Markus Giesler created two of the most sought-after electives at York University’s Schulich School of Business. The first, the wildly popular Entertainment Marketing, is the longest-standing course in the school’s BBA program. The second, “Customer Experience Design,” is downright historic: it is the world’s first MBA course on customer experience, and the only marketing course to be endorsed by the American Marketing Association. Giesler is a pioneer of the academic theory “Big Design”, which suggests that a market's evolving economic, technological, and cultural fabric shapes—and is shaped by—multiple actors and institutions.

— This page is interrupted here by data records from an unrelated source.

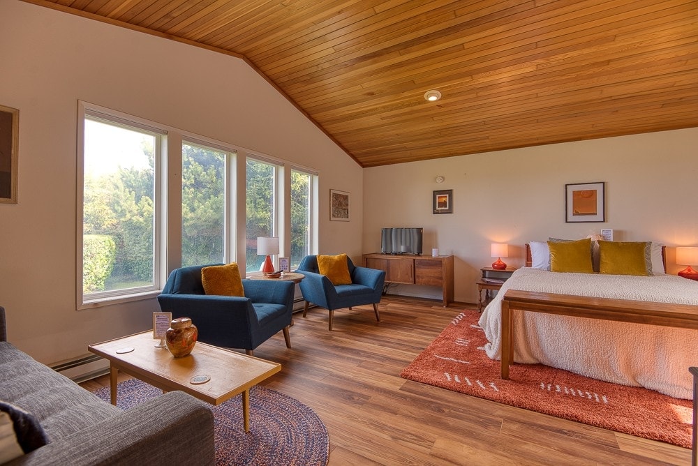 #StayinMyDistrict Cape Arago Ocean View Suite! Oceanfront Private guest house features sweeping views of the ocean & direct access to Lighthouse Beach. Located on a Pointe overlooking the sea, with large windows & views for miles. Guest house was designed w/ guests comfort in mind. Enjoy local hiking, Close to Charleston & Coos Bay. 1 KING bed/1 bath, w/ pullout sofa, Sleeps up to 4, Stocked Kitchenette, Grill Outdoor space w/Ocean views, beach access, grassy yard, fire pit, & comfortable seatin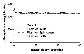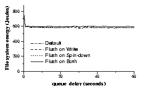Comparing Figures 5 and 7, it is immediately apparent that the three policies under study have a markedly different effect on the network file system than they do on the local disk file system. The flush on PSM policy appears to have a slight negative effect, increasing file system energy usage for all values of queue_delay greater than a few seconds. The flush on write policy has no noticeable impact, using essentially the same energy as the default policy. We have also observed that neither policy has a significant effect on trace replay time.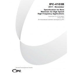 IPC-4103B standard covers the requirements for clad and unclad plastic laminate and bonding layer materials to be used for the fabrication of printed boards for microstrip, stripline and high speed digital electrical and electronic circuits. In addition to better definitions of inclusions and how to properly classify them; redefine "substrates" as, "fabricated sheets"; and a more proper definition of thermal conductivity of laminates and bonding material, IPC-4103B also allows the use of low permittivity (dielectric constant) glass reinforcements for laminates and bonding materials, thus improving both the permittivity and loss tangent properties of the materials conforming to this specification.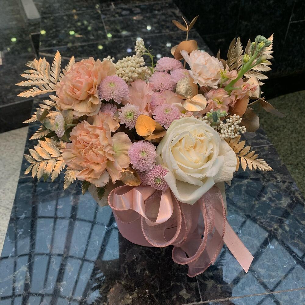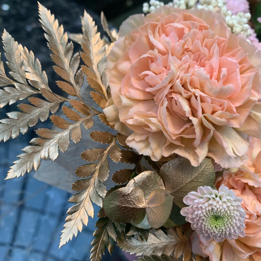 роза охара пионовидная ароматная – 1 шт.Диантус – 3 шт.Сантиния – 2 шт.Маттиола – 1 шт.Папоротник – 2 шт.Озотамнус – 1 шт.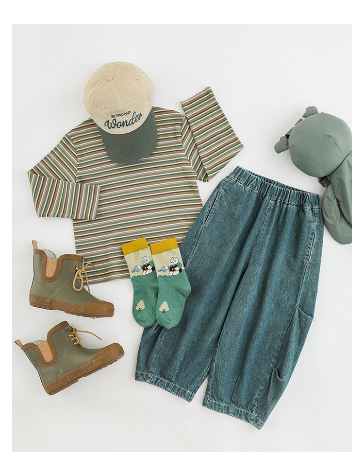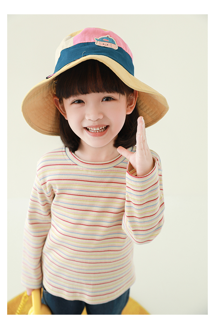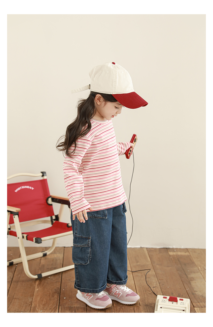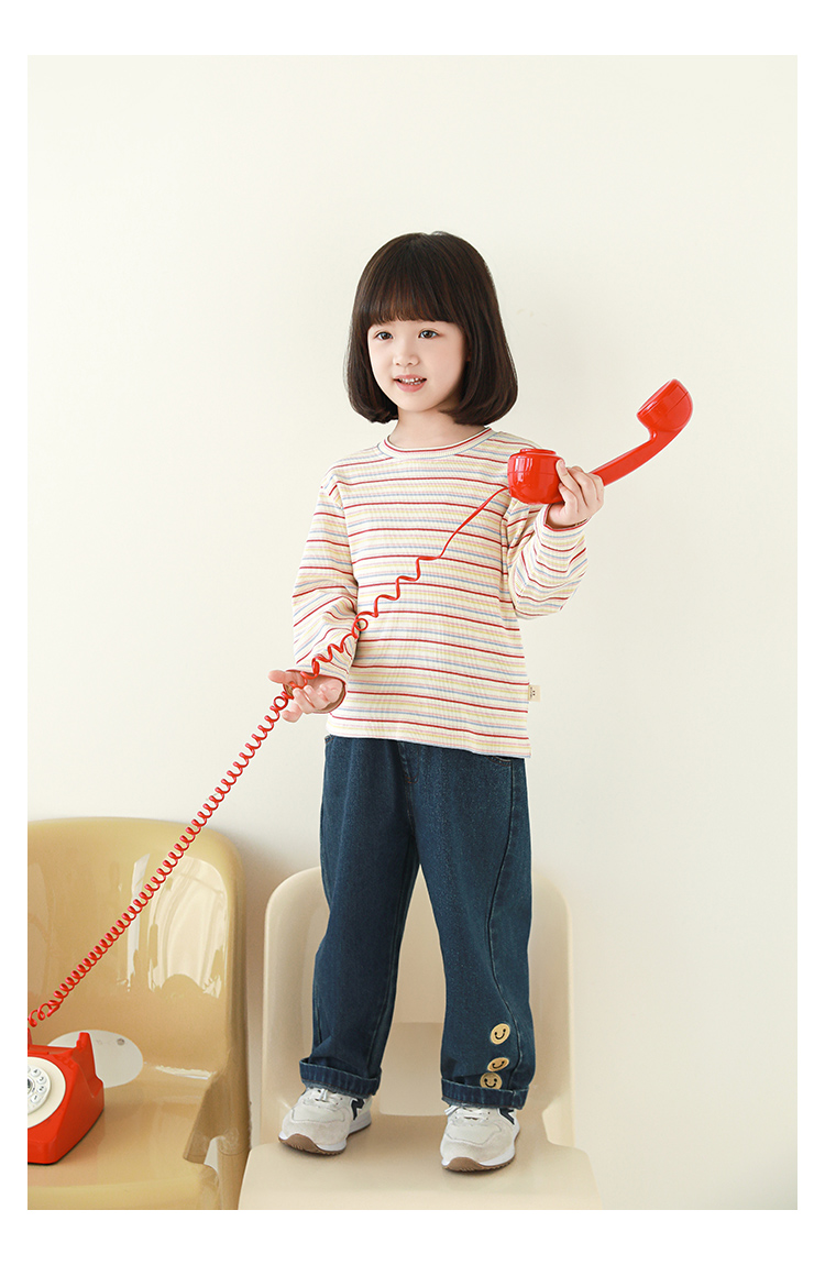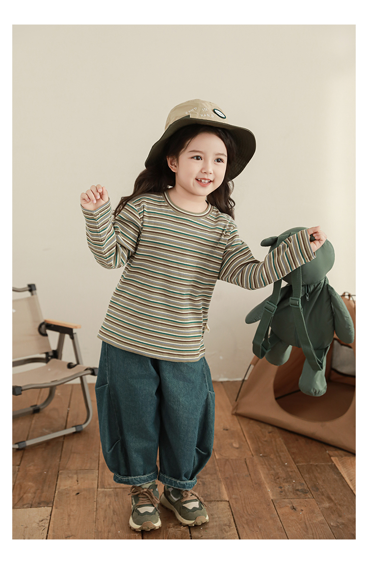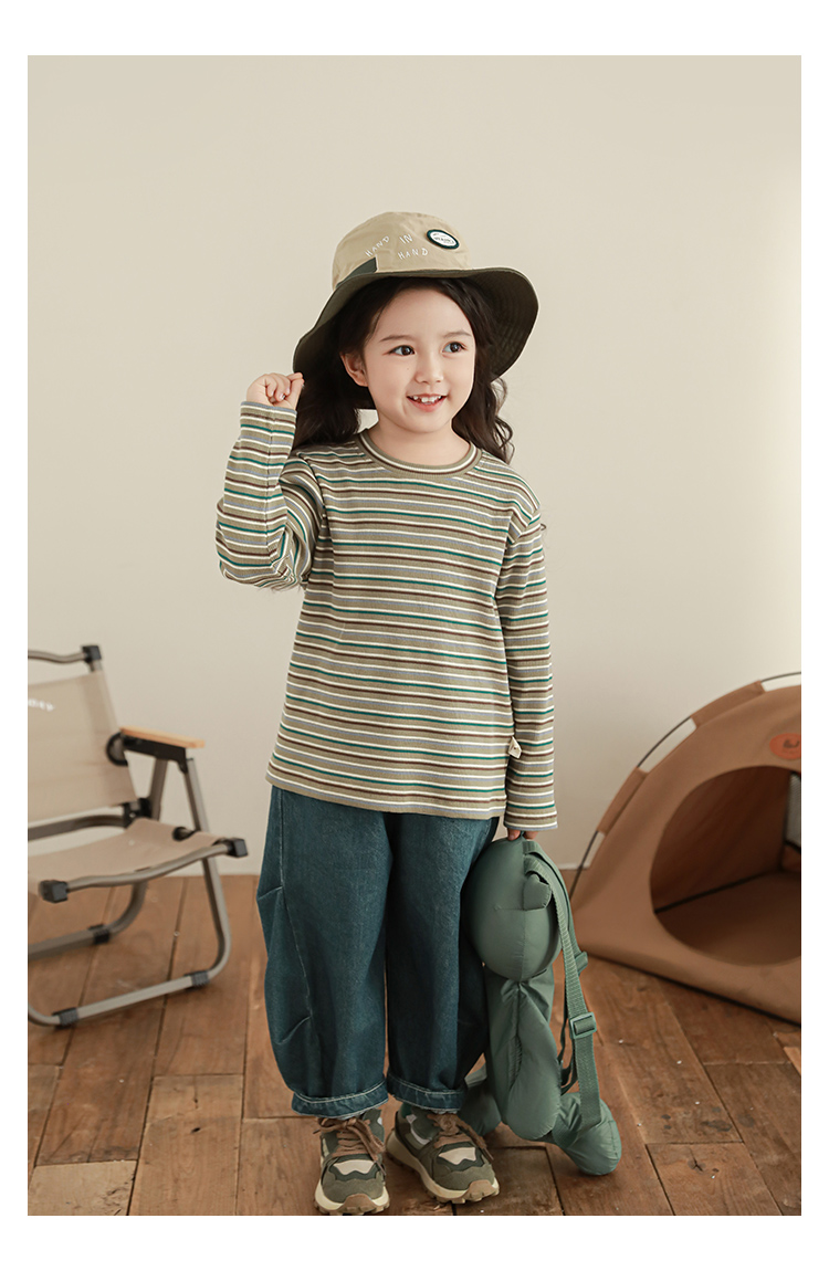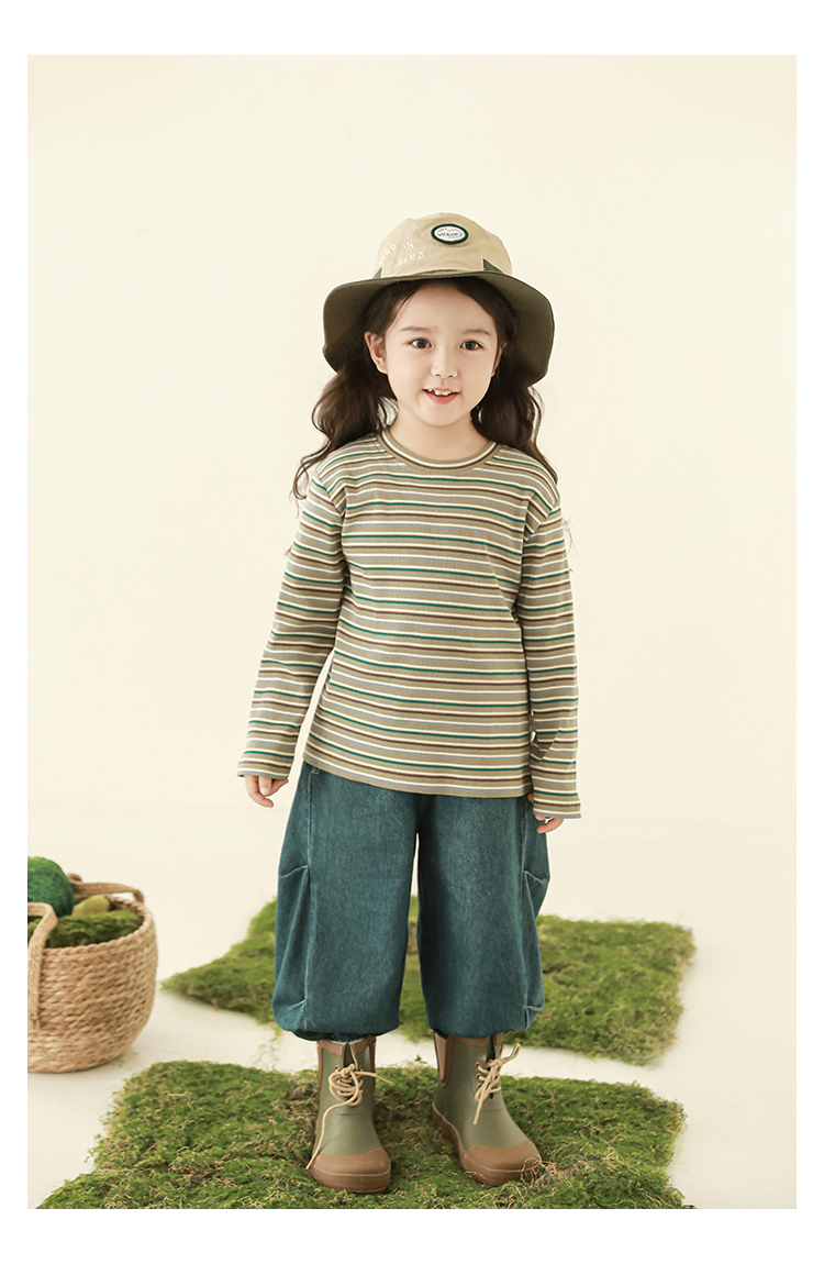 Wurib 소녀의 신선한 핀스트라이프 크루 넥 풀오버 티셔츠 봄 피부 친화적 인 소프트 니트 캐주얼 탑 트렌디스토어 가기

In his class, and through his work as the Director of the Big Design Lab, he uses this multifaceted approach to understanding what drives product success. “Stop looking at needs. Stop looking at the psychologically oriented idea of what the consumer wants. That’s almost Fruedian,” Giesler explains. “Start developing a more sociologically oriented understanding of how cultures change, and how new energies can be captured and turned into economic capital.”
Named “one of the best recognized experts studying high-technology consumer behavior” by WIRED, and dubbed a “young business school star professor on the rise” by CNN, it’s unsurprising that Giesler is in high demand among business leaders, entrepreneurs, and policy makers. Rational concerns about consumer behavior rarely tell the whole story, he says. Instead, his groundbreaking talks help us unravel the deeply intimate, and deeply ingrained, motivations for consumption that lie beneath the surface.
Giesler is an associate editor at the Journal of Marketing and on the editorial review boards of the Journal of Consumer Research, Consumption, Markets and Culture, Marketing Letters, and Business & Society. His research is frequently cited in The New York Times, BusinessWeek, The Wall Street Journal, The Washington Post, and WIRED, among others.